Across $n$ coin flips, the probability of seeing $n$ heads is $P(\text{H})^n$.

* Probability of Event = $P$
* Probability of a Complimentary Event = $1-P$
* Probability of Composite Independent Events = $\prod{P}$
* The probability of any event must be between $[0, 1]$.

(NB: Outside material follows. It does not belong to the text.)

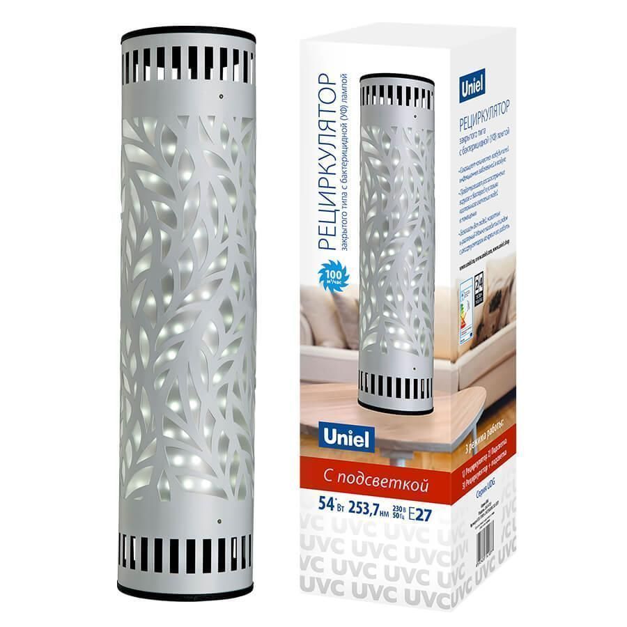 Расширенная гарантия на товар составляет 2 года. поставщик рекомендует использовать лампы накаливания с цоколем E27 для освещения площади 3 м2. Ультрафиолетовый бактерицидный рециркулятор Uniel UDG-V100A UVCB/6500K D02 Grey UL-00007985 в современном стиле используется в интерьере Для офиса с установкой На стол.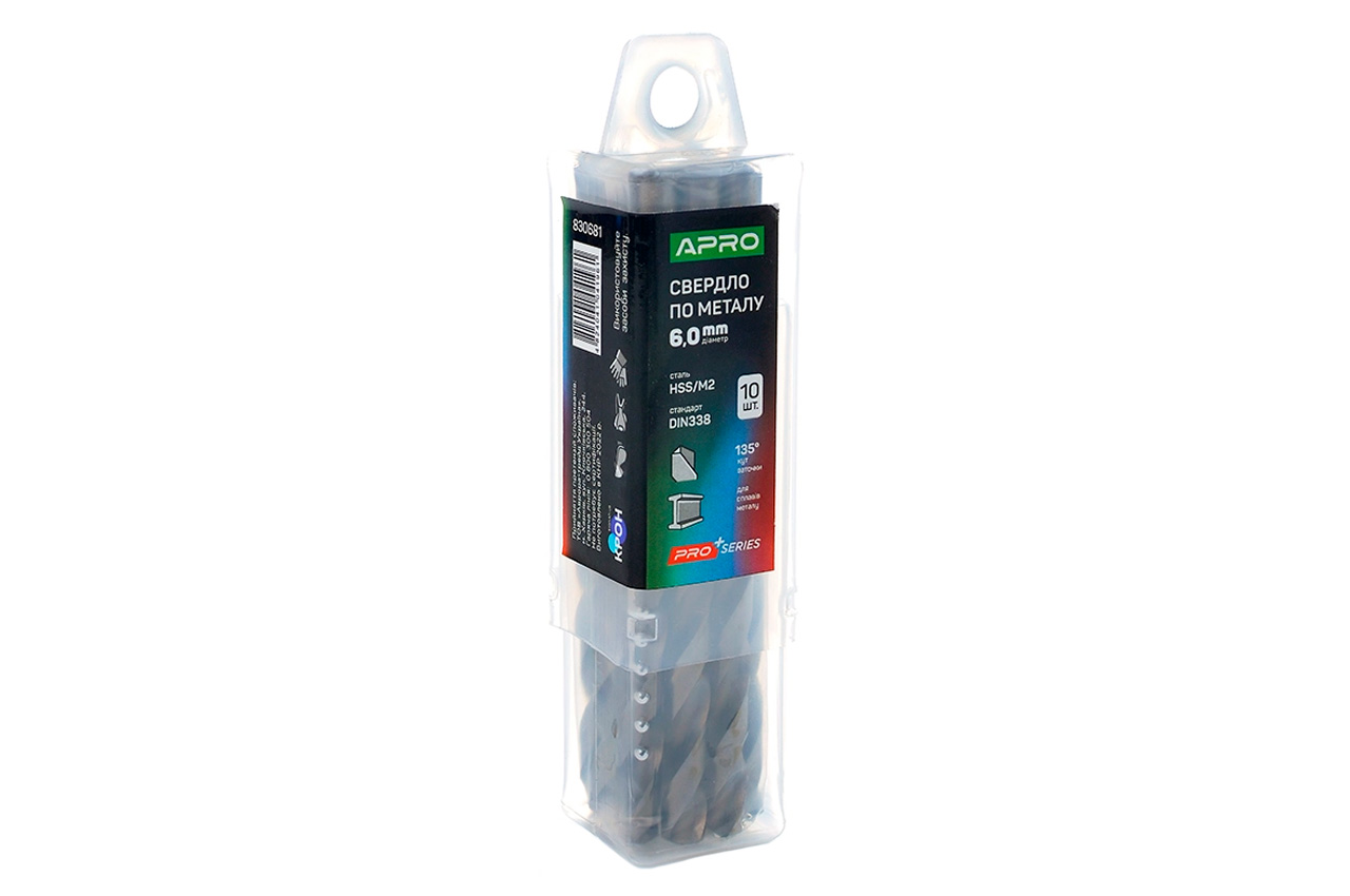 Свердло по металу Apro - призначене для свердління отворів у металевих матеріалах, включаючи сталь, чавун, алюміній та інші сплави. Діаметр 6,0 мм; Швидкорізальна сталь марки М2.

##### Example - Coin Flips

$P(\text{H}) = 0.5$  
$P(\text{T}) = 1 - P(\text{H}) = P(\text{not H}) = 0.5$

Across $n$ coin flips, the probability of seeing $n$ heads is $P(\text{H})^n$.

In [30]:
import math
import numpy as np
import pandas as pd
import matplotlib.pyplot as plt
from timeit import default_timer as timer
%matplotlib inline

##### Flipping a Coin

In [31]:
np.random.randint(2, size=10000).mean()

0.5043

In [32]:
np.random.choice([0, 1], size=10000, p=[0.8, 0.2]).mean()

0.2062

##### Two Fair Coin Flips - Percentage of Two Heads?

In [33]:
# 0 is Heads, 1 is Tails
tests = np.random.randint(2, size=(int(1e6), 2))
print(tests[:10])
(tests.sum(axis=1) == 0).mean()

[[1 1]
 [1 0]
 [0 0]
 [0 0]
 [1 1]
 [1 1]
 [1 0]
 [1 1]
 [1 0]
 [1 0]]


0.24984

##### Three Fair Coin Flips - Probability Exactly One Head?

In [34]:
tests = np.random.randint(2, size=(int(1e6), 3))
(tests.sum(axis=1) == 2).mean()

0.374764

##### Three Biased Coin Flips - $P(\text{H}) = 0.6 $ - Probability Exactly One Head?

In [35]:
tests = np.random.choice([0,1], size=(int(1e6), 3), p=[0.6, 0.4])
(tests.sum(axis=1) == 2).mean()

0.288142

##### Die Roll - Probability of an Even Number?

In [36]:
tests = np.random.randint(6, size=int(1e6))
(tests%2 == 0).mean()

0.499699

##### Two Dice Rolls - Probability of a Double?

In [37]:
start = timer()

tests = np.random.randint(6, size=(int(1e6), 2))
print([np.all(row == row[0]) for row in tests].count(True) / len(tests))
timer() - start

0.166822


5.5248169240003335

In [38]:
start = timer()

tests1 = np.random.randint(6, size=int(1e6))
tests2 = np.random.randint(6, size=int(1e6))

(tests1 == tests2).mean()

timer() - start

0.019433597999523045

### Counting

If the order of selection of $n$ items being counted $k$ at a time matters, then the method for counting possible **permutations** is $$^nP_k = n*(n-1)*\dots*(n-k+1)=\frac{n!}{(n-k)!}$$

If the order of selection does *not* matter, then the method for counting possible **combinations** is $${n \choose k} = \frac{n!}{k!(n-k)!}$$

##### Permutation Examples

1. How many words can be formed using the letters of the word "TRIANGLES"?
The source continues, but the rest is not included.